## MATERIALS PROVIDED
*** Block opens ***

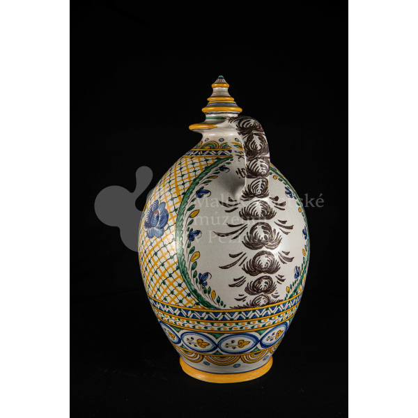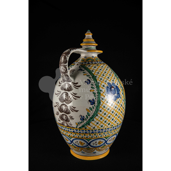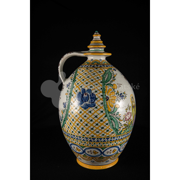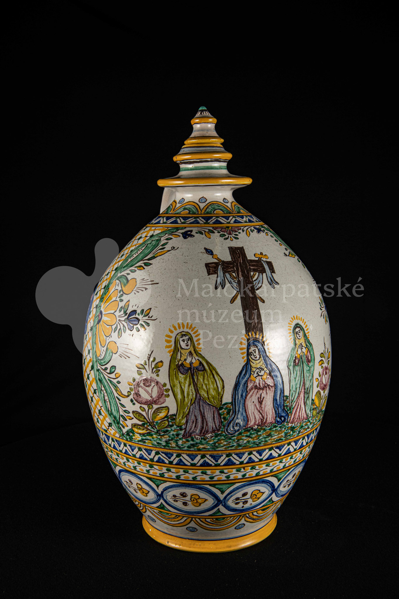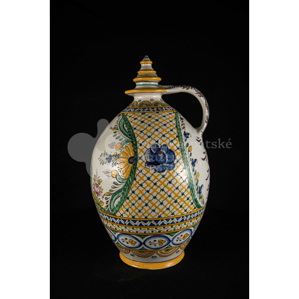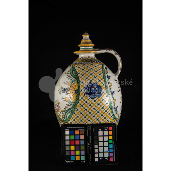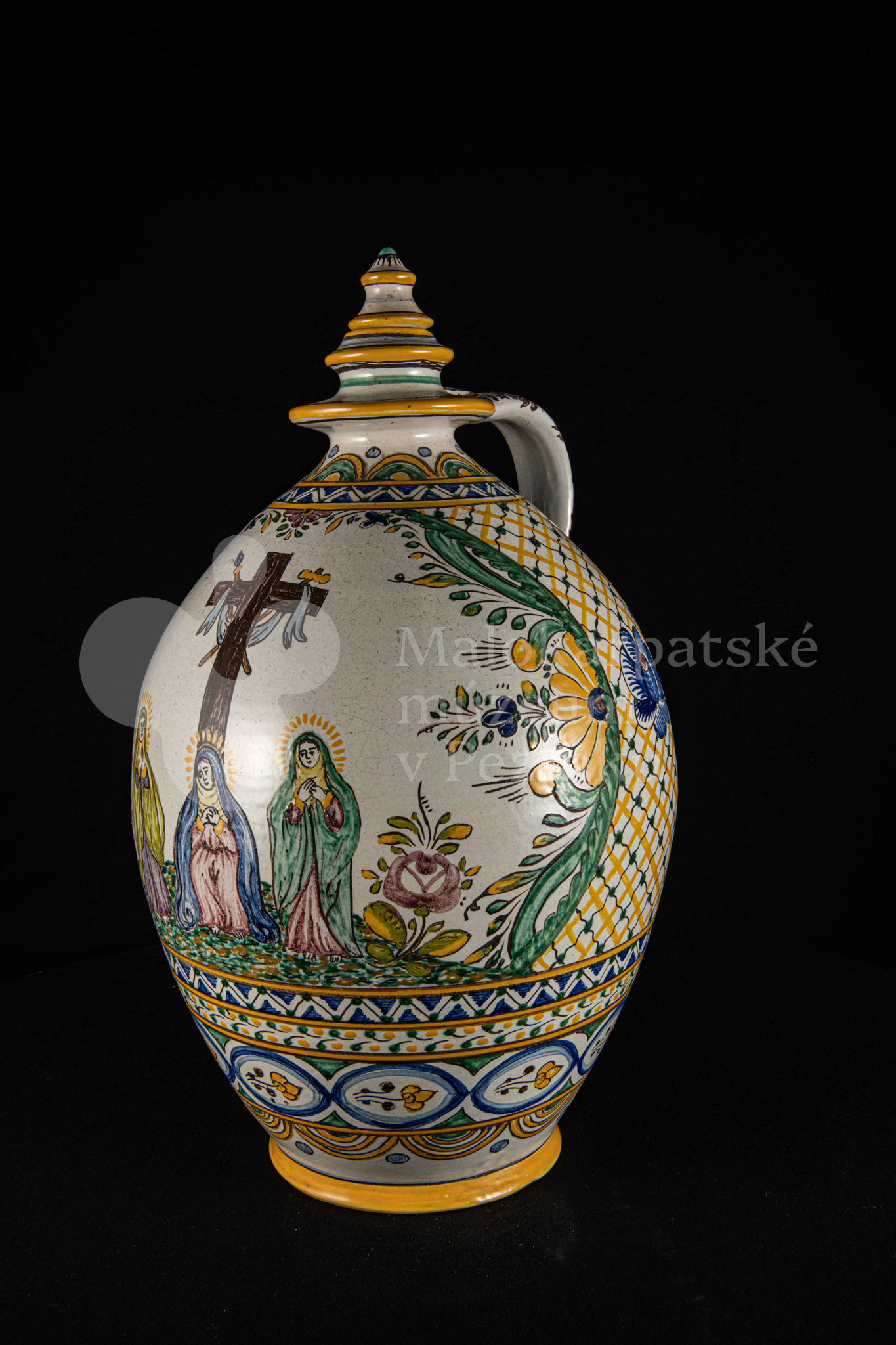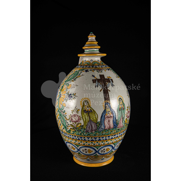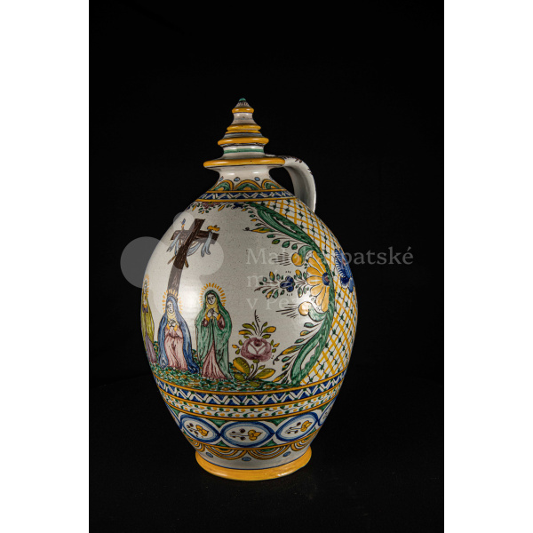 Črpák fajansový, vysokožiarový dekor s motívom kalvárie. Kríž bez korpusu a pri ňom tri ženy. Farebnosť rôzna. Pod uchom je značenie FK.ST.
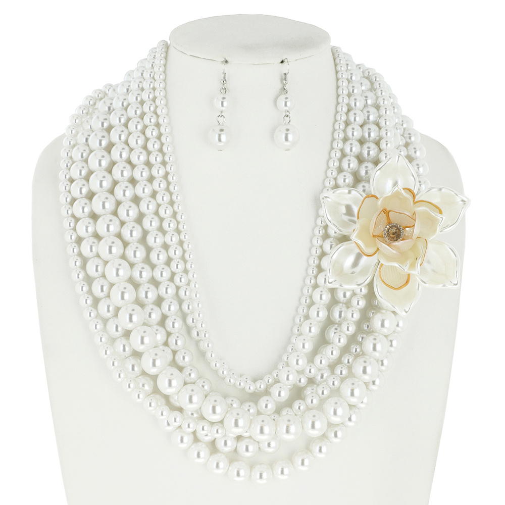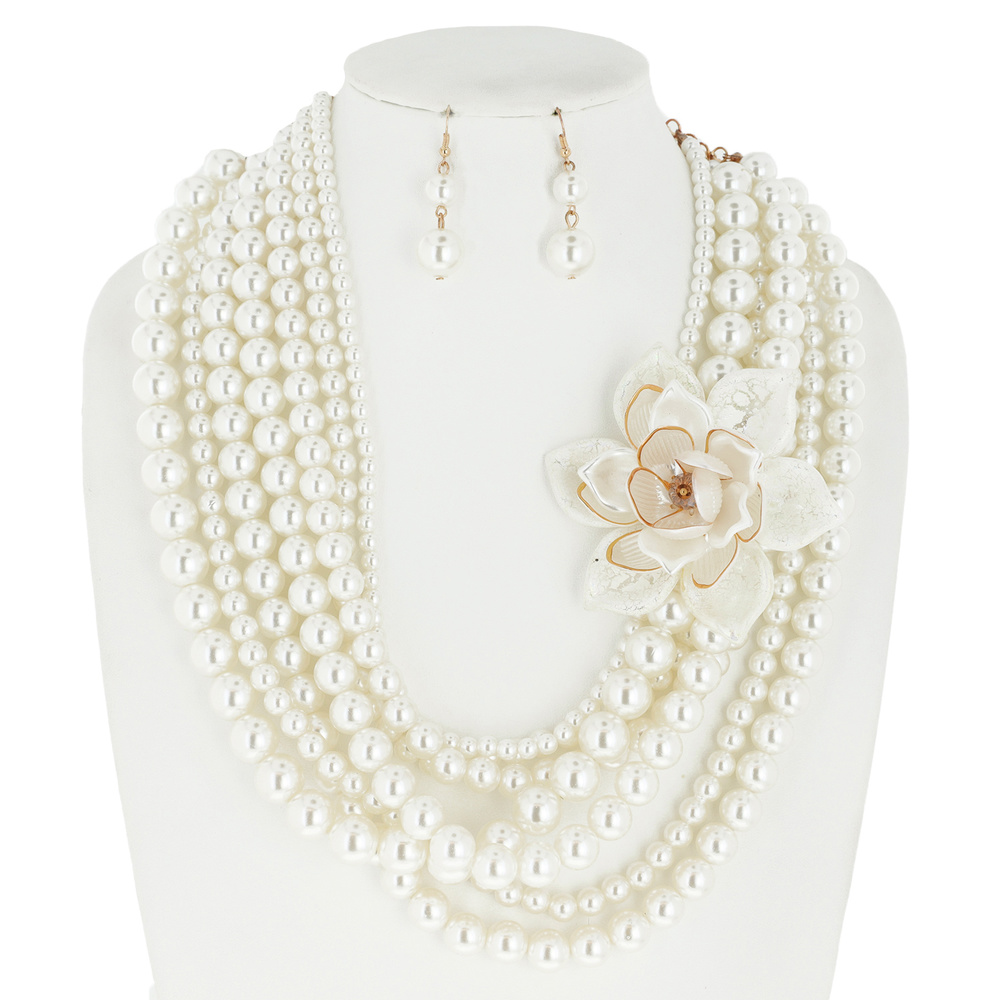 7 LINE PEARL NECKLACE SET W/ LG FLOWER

*** Block closes ***
*** Block opens ***

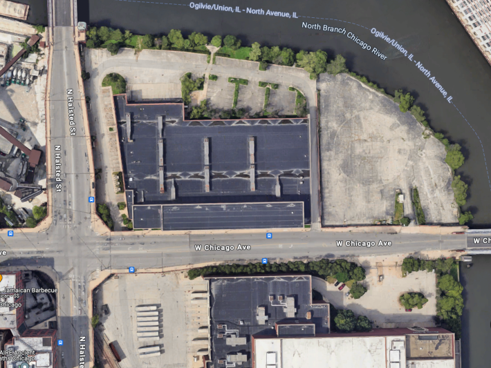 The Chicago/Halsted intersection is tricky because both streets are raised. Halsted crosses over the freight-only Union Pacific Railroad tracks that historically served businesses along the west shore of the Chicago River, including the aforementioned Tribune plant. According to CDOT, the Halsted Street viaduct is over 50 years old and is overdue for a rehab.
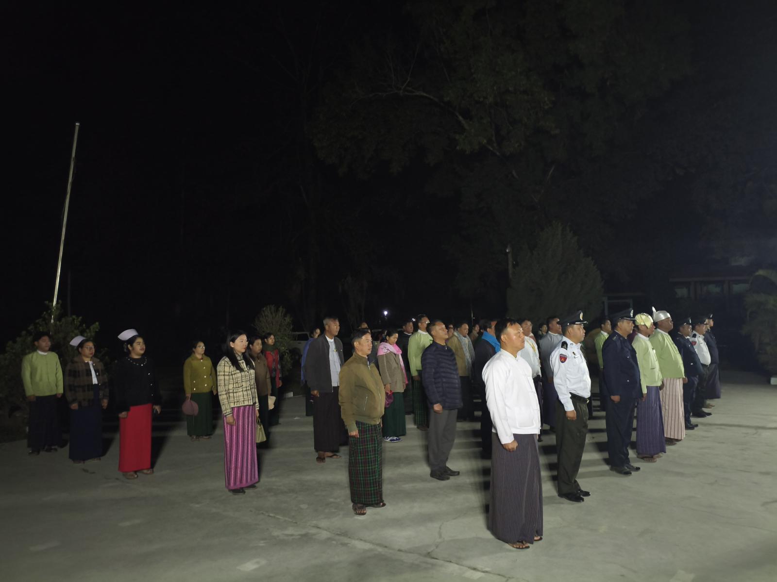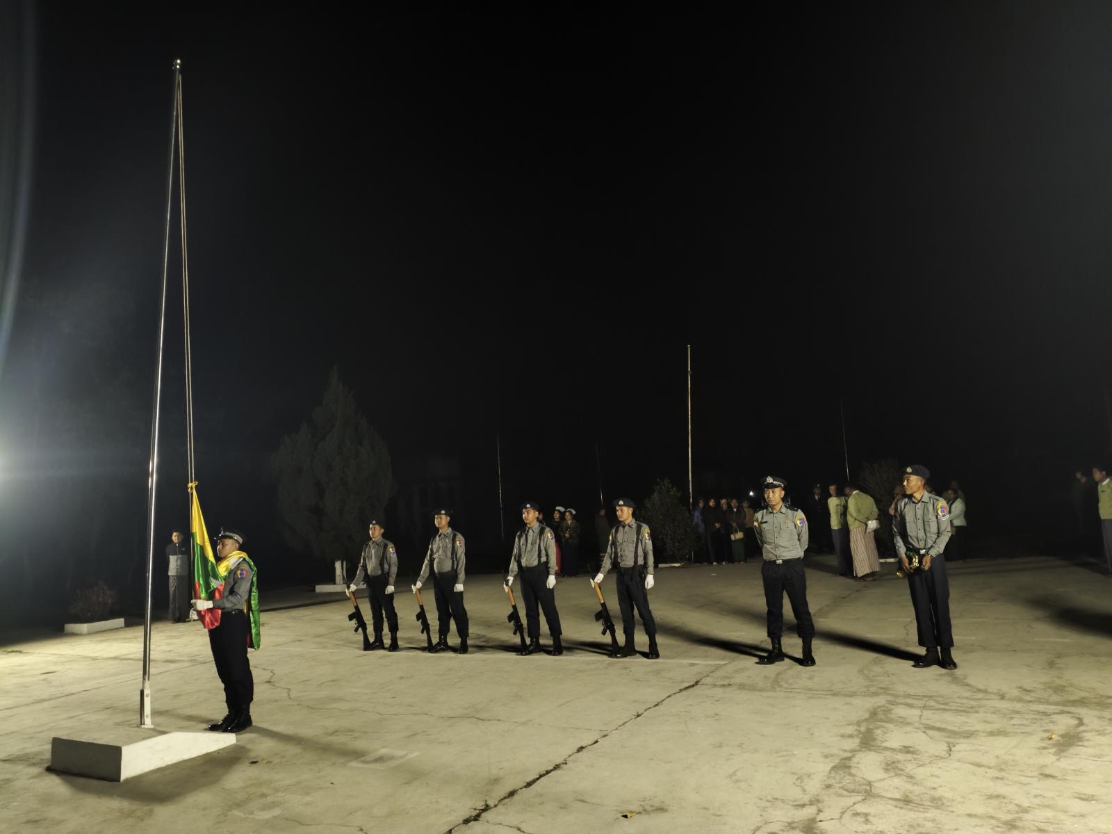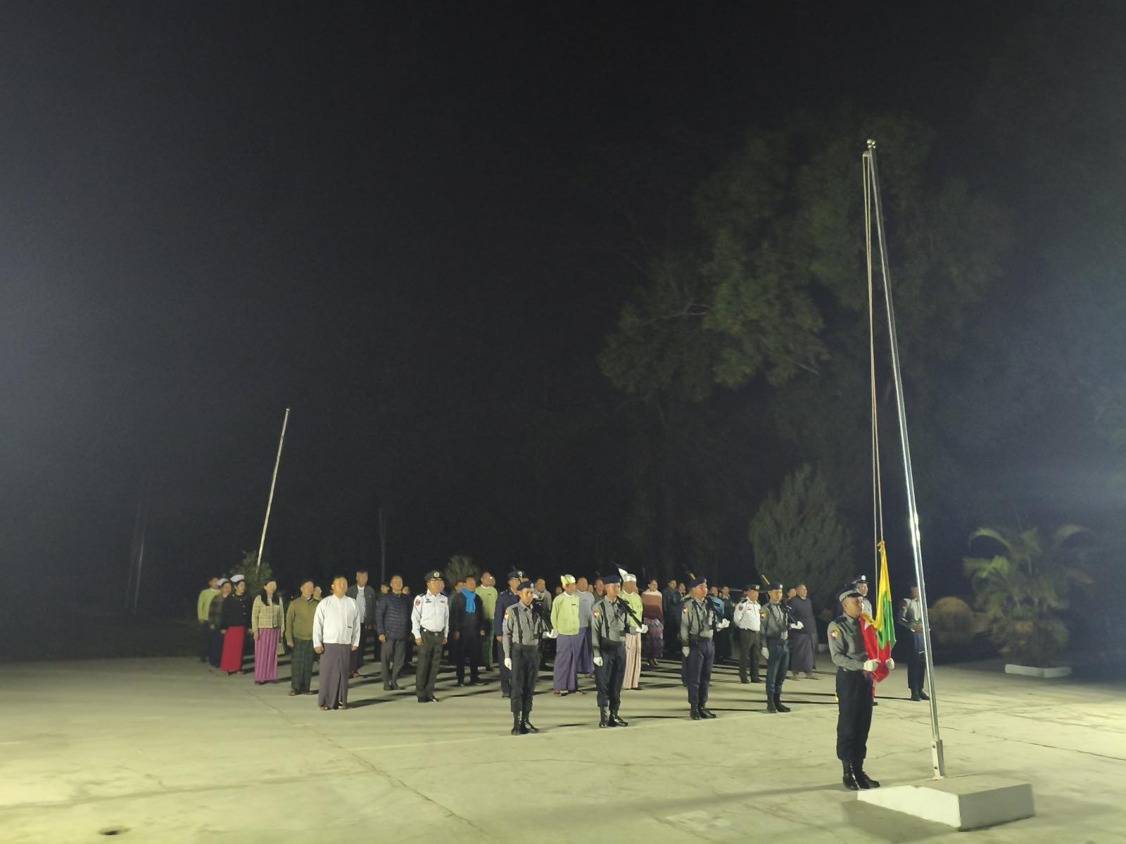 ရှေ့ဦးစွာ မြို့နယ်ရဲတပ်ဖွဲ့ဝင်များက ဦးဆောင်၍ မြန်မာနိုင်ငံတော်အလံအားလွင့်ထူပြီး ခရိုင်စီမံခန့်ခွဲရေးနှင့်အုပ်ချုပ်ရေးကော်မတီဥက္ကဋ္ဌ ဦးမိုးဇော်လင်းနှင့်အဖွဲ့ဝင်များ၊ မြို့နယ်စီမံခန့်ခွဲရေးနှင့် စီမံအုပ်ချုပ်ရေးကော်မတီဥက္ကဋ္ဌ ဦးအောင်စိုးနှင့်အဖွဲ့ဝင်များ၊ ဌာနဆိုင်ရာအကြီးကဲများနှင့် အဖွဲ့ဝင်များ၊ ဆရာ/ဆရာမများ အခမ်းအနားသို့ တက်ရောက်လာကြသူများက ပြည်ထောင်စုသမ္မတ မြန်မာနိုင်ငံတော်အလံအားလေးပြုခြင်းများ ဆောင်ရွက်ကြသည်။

*** Block closes ***

## PROBLEM
For the entries above, print exactly the lines between the one with "Črpák fajansový, vysokožiarový" and the one with "7 LINE PEARL NECKLACE SET W/ LG FLOWER", inclusive, with no pictures.

## YOUR RESPONSE
 Črpák fajansový, vysokožiarový dekor s motívom kalvárie. Kríž bez korpusu a pri ňom tri ženy. Farebnosť rôzna. Pod uchom je značenie FK.ST.
 7 LINE PEARL NECKLACE SET W/ LG FLOWER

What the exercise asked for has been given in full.